Поставив ногу на нижнюю ступеньку, Энтони на миг остановился.

— Кстати, Роджерс, — так же небрежно продолжил он, — сколько я уже здесь живу? Мы только что спорили об этом с моими друзьями.

— Дайте подумать, сэр… Да уж скоро будет четыре года.

— А я что говорил! — Энтони бросил на детективов победный взгляд. Картер что-то проворчал, а Веррол широко улыбнулся.

— Замечательно, но этого все-таки недостаточно, сэр, — сказал он. — Мы поднимемся наверх?

Энтони достал ключ и открыл дверь квартиры. К счастью, Симарка, его слуги, дома не было. Чем меньше свидетелей этого недоразумения, тем лучше.

Пишущая машинка стояла на прежнем месте. Картер тут же подошел к столу и прочитал то, что было напечатано на листке.

— «Тайна второго огурца»? — мрачно спросил он.

— Да, это мой новый рассказ, — небрежно отозвался Энтони.

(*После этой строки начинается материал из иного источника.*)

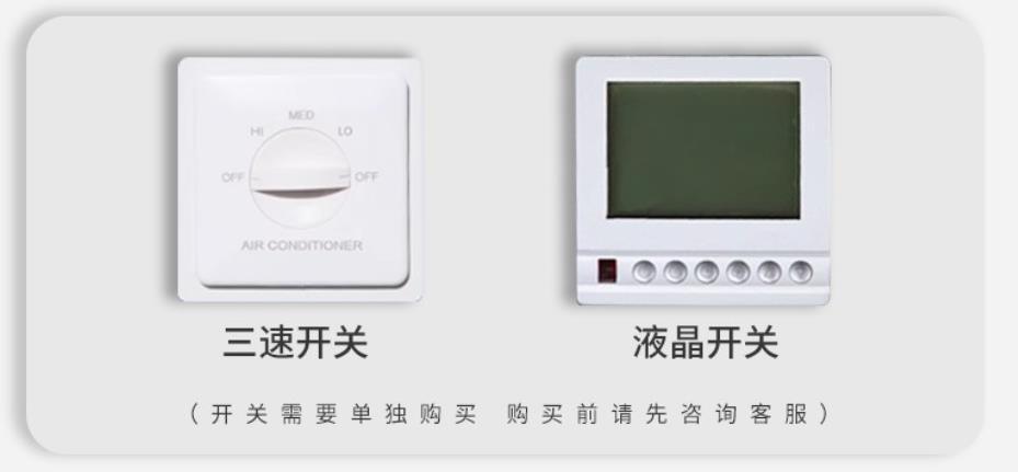 獨(dú)立控制:每個(gè)單元配備獨(dú)立溫控器和調(diào)速開(kāi)關(guān),用戶可自行開(kāi)關(guān)、調(diào)節(jié)風(fēng)速和設(shè)定溫度,實(shí)現(xiàn)房間的個(gè)性化溫控和節(jié)能運(yùn)行。
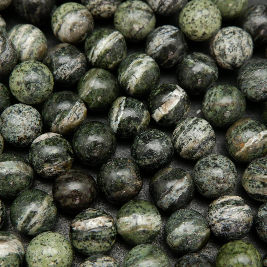 This natural Green Zebra Jasper, also known as Green Serpentine Chrysotile, has not been treated to enhance color or clarity in any way.
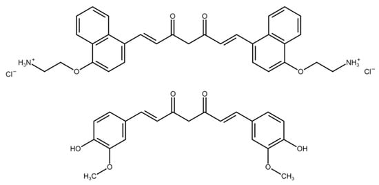 The stock solution (100 mM) of curcumin (Carl Roth, Karlsruhe, >90.6%) was prepared by dissolving in DMSO (Fluka Analytical, Buchs, Switzerland). SACUR-12a [42] was kindly provided by Dr. Andreas Spaeth (Institute of Organic Chemistry, University of Regensburg, Regensburg, Germany). A stock solution (5 mM) of SACUR-12a was prepared in ddH2O. Both stock solutions were stored at −20 °C in the dark until use. The chemical structures of curcumin and SA-CUR 12a [42] are shown in Figure 10.
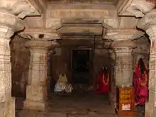 The entire complex is oriented towards the impressive Brahmadeva pillar and faces north. The main central shrine houses the image of Adhinatha, the first Jain tirthankara (Teaching God). The west (right) and east (left) facing shrines have the images of later day tirthankaras, Shantinatha and Neminatha respectively. The images appear to be of well-polished steatite material and could be later day replacements.[1] According to Robert J Del Bonto who conducted research at the site, the two shrines that form the later day additions are a twin construction, are lateral (face each other), have individual vestibule and a closed mantapa (hall) and open into a common open pillared porch (open mantapa). The art critic M.H. Dhaky calls them as "Shantinatha Basadi" and regards them a good example of the "terminal" stage in Western Ganga art.[7] The temple exhibits fine sculptures of Jain Yakshas (male benevolent spirits) and Yakshis (their female counterparts) of the Western Ganga and Hoysala periods.[2][5]
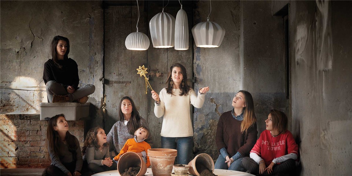 The suspension has a bright white or emerald green ceramic lampshade that is inspired by the shapes of the large desert cactus. Each piece of the green version has a different hue due to a particular oxidation process. It comes in four different shapes and sizes, and can also be put together in clusters.
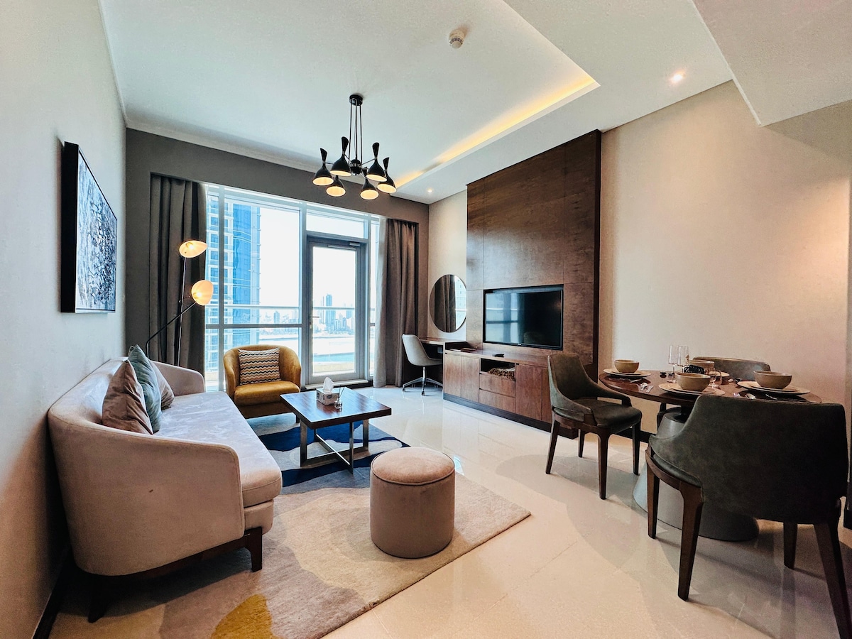 Tá stíl dá chuid féin ag an áit uathúil seo. 72 radharc farraige cearnach atá feistithe go hiomlán luxurious árasán seomra leapa amháin le balcóin. Tá sé suite i dtúr uathúil ina bhfuil saoráidí 5 réalta os comhair Óstán Four Seasons ag Bahrain Bay, an ceantar tosaigh farraige is áille i mBairéin. I mBairéin Bay is féidir leat taitneamh a bhaint as an siúlóid ar fud an uisce, canálacha uisce, páirceanna, trá, siopaí caife agus bialanna chomh maith le Tacsaí Uisce ar féidir iad a úsáid chun turas uisce a dhéanamh nó The Avenues Mall a bhaint amach.
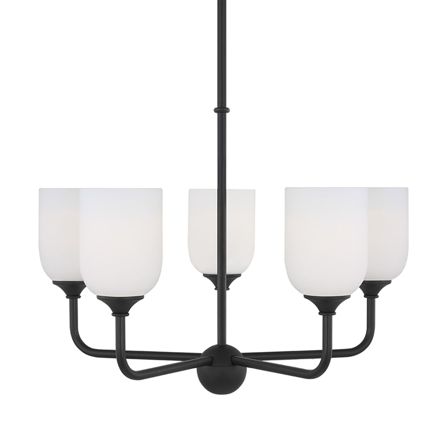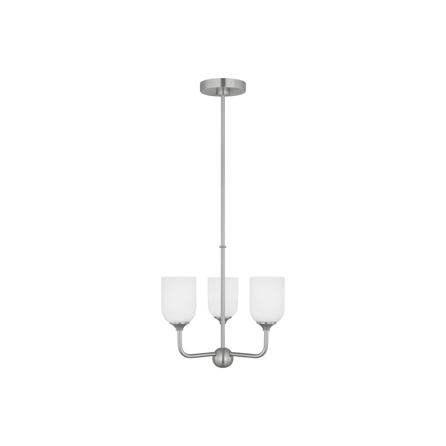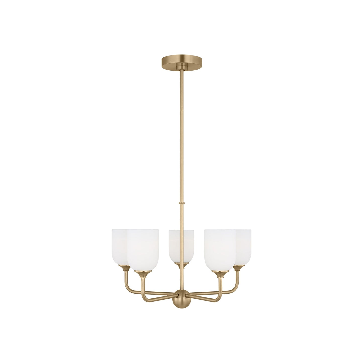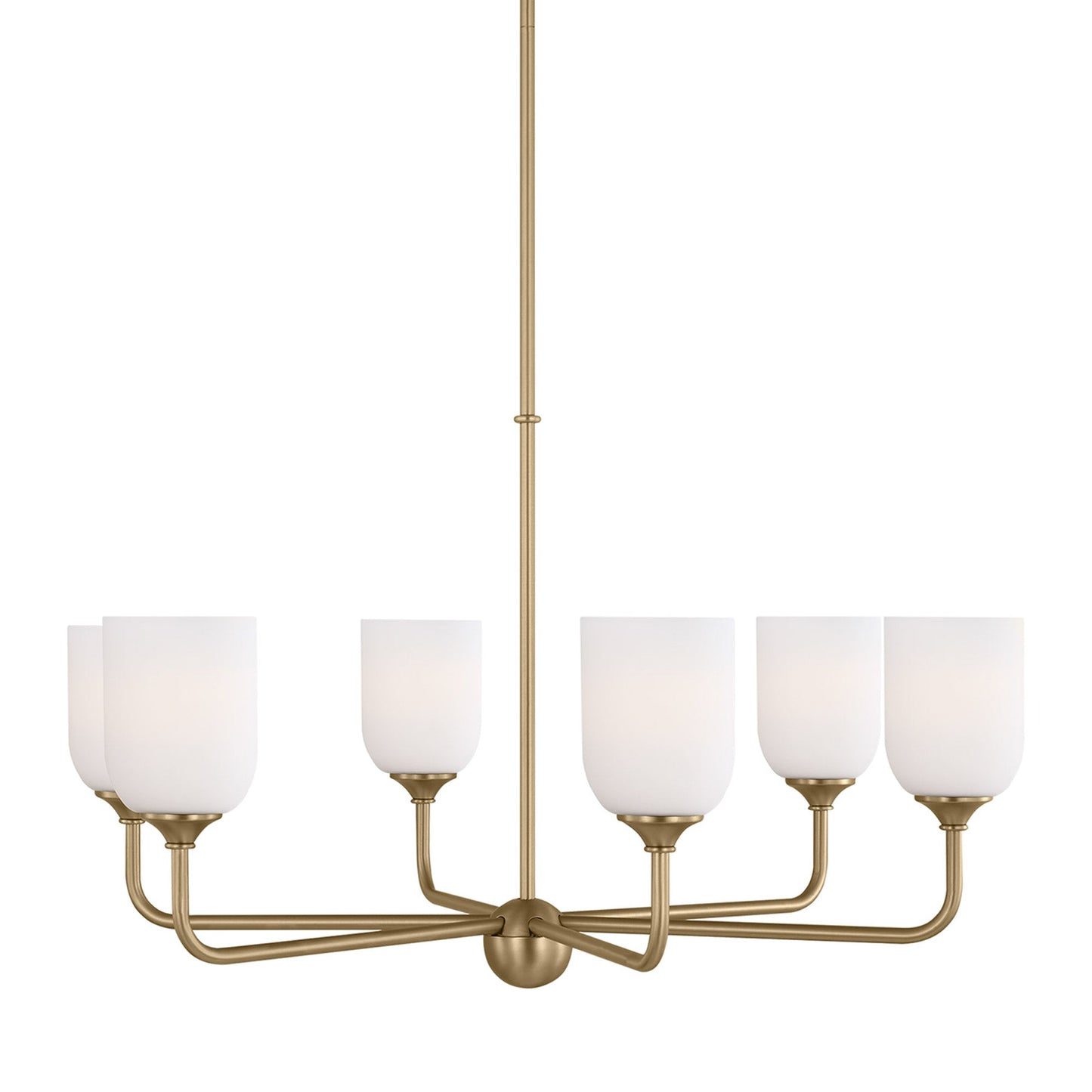The Emile Chandelier from Generation Lighting delivers a provocative look of sophistication with modern styling. Milky white goblet shades and metal framing mix masterfully, with a bit of industrial-inspired elements emulating linear piping. This epic fixture is a must-have for dining rooms and foyers.
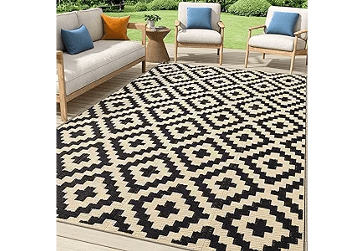 Amazon drops the price of this reversible waterproof outdoor area rug from $49.99 to only $17.49. It measures five feet by eight feet, and it's breathable so water doesn't accumulate.
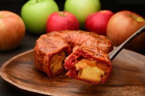 「アップルパイバウム」は、サクサク食感のパイ、しっとりとしたバウムクーヘン、蜜を含んだりんごの三重奏。
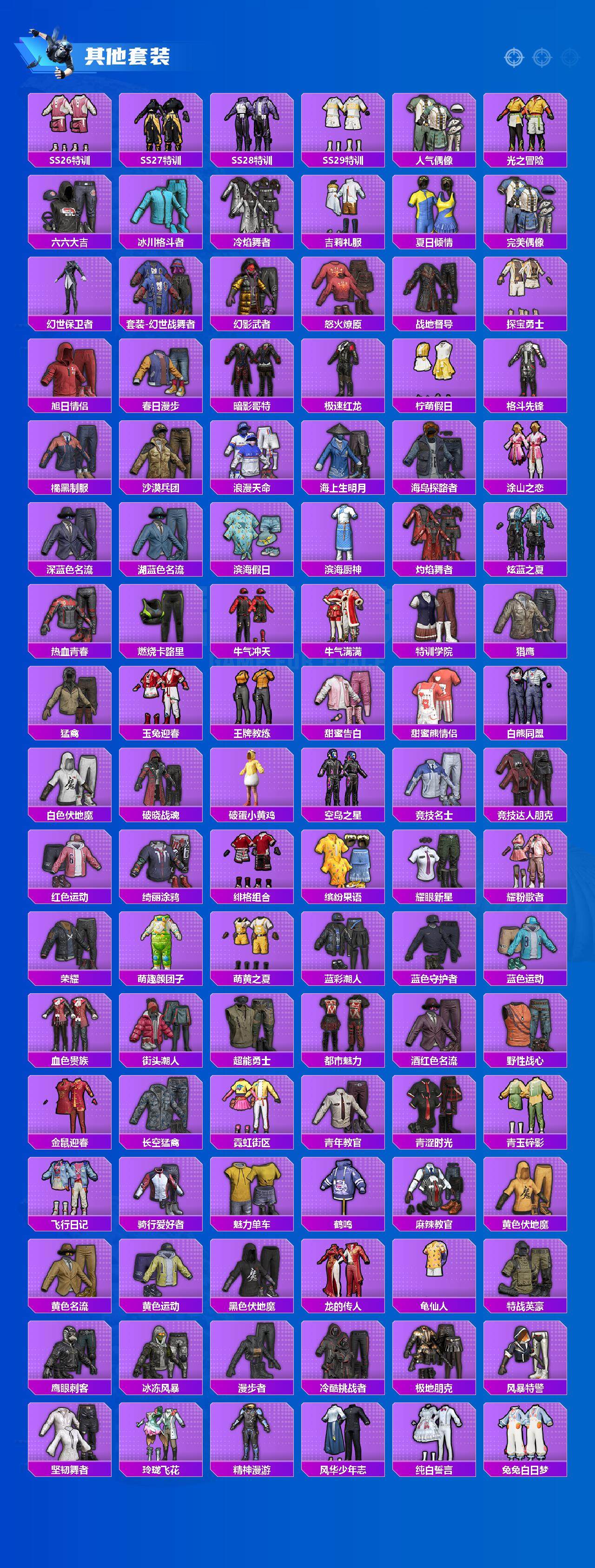 【稀有套装】:套装-龟仙人,套装-炽纹蛇影,套装-航行童话,套装-绒宝小鹅,套装-巳巳如意,套装-雏菊兔兔,套装-萝兰蝴蝶,套装-小熊娃娃,套装-糖糖葫芦,套装-青团波波,套装-棉花软糖,角色-都市丽猫,套装-燕燕于飞,套装-鱼渊荷华,角色-风玲,套装-粉恋花,套装-紫幽梦,套装-蓝冰羽,套装-星渊小夜曲,套装-云朵鹅,套装-雪绒豹,套装-朱霞炽焰,套装-凌霄紫焰,套装-擎苍青焰
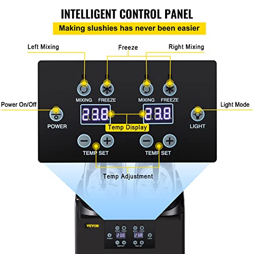 Präziser Steuerbereich: Die Maschine ist mit einem kurzen Bedienfeld ausgestattet. Jede Schüssel arbeitet unabhängig und kann ein-/ausgeschaltet oder zwischen Gefrier- und Mischmodus umgeschaltet werden. Mit der Konservierungsfunktion können Sie die Temperatur von 3 bis 2 Grad einstellen, um die Slusheis frisch zu halten. Sie können das Bedienfeld nach Ihren Bedürfnissen verwenden.
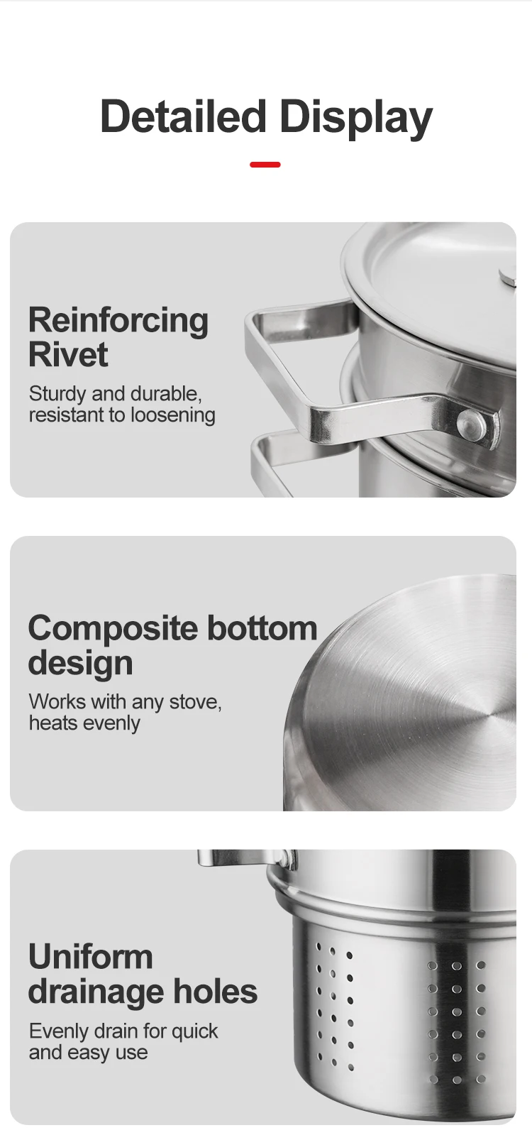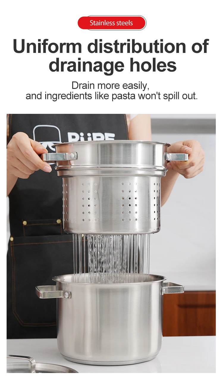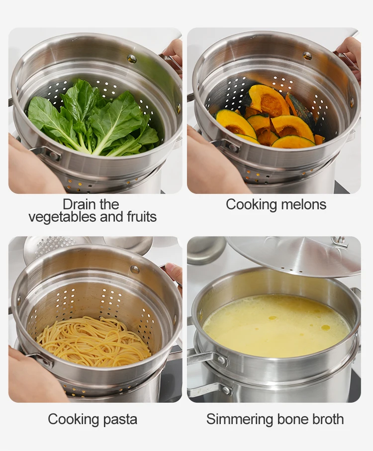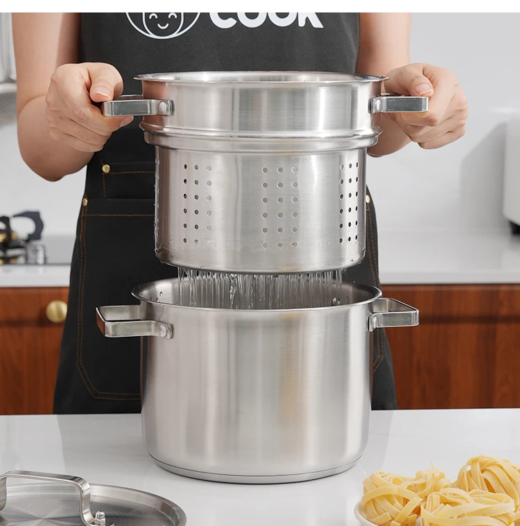 • Compatible with gas and induction cookers, this 22cm 201 stainless steel pot has no inner coating for healthy cooking.

— Еще одно доказательство в вашу пользу, сэр, — одобрительно сказал Веррол, кивая. В глазах его загорелся огонек:

— Кстати, сэр, о чем он? В чем тайна второго огурца?

— В том, что вы меня задерживаете, — сказал Энтони. — Этот второй огурец и есть причина сегодняшнего недоразумения.

Картер испытующе посмотрел на него, покачал головой и многозначительно постучал себя по лбу.

— Совсем спятил, несчастный, — пробормотал он как бы про себя, однако так, чтобы Энтони мог услышать.

— Ну, джентльмены, — бойко сказал мистер Иствуд, — к делу! Вот письма, вот моя чековая книжка, вот записки от редакторов. Чего вам еще нужно?

Веррол внимательно все просмотрел.

— Лично я, сэр, — почтительно сказал он, — вполне удовлетворен. Я вам верю. Но вот отпустить вас — выше моих полномочий. То, что вы проживаете здесь уже несколько лет как мистер Иствуд, еще ничего не доказывает. Теоретически вполне возможно, что мистер Энтони Иствуд и Конрад Флекман одно и то же лицо. Мне все-таки придется произвести тщательный обыск в квартире, снять у вас отпечатки пальцев и позвонить в управление.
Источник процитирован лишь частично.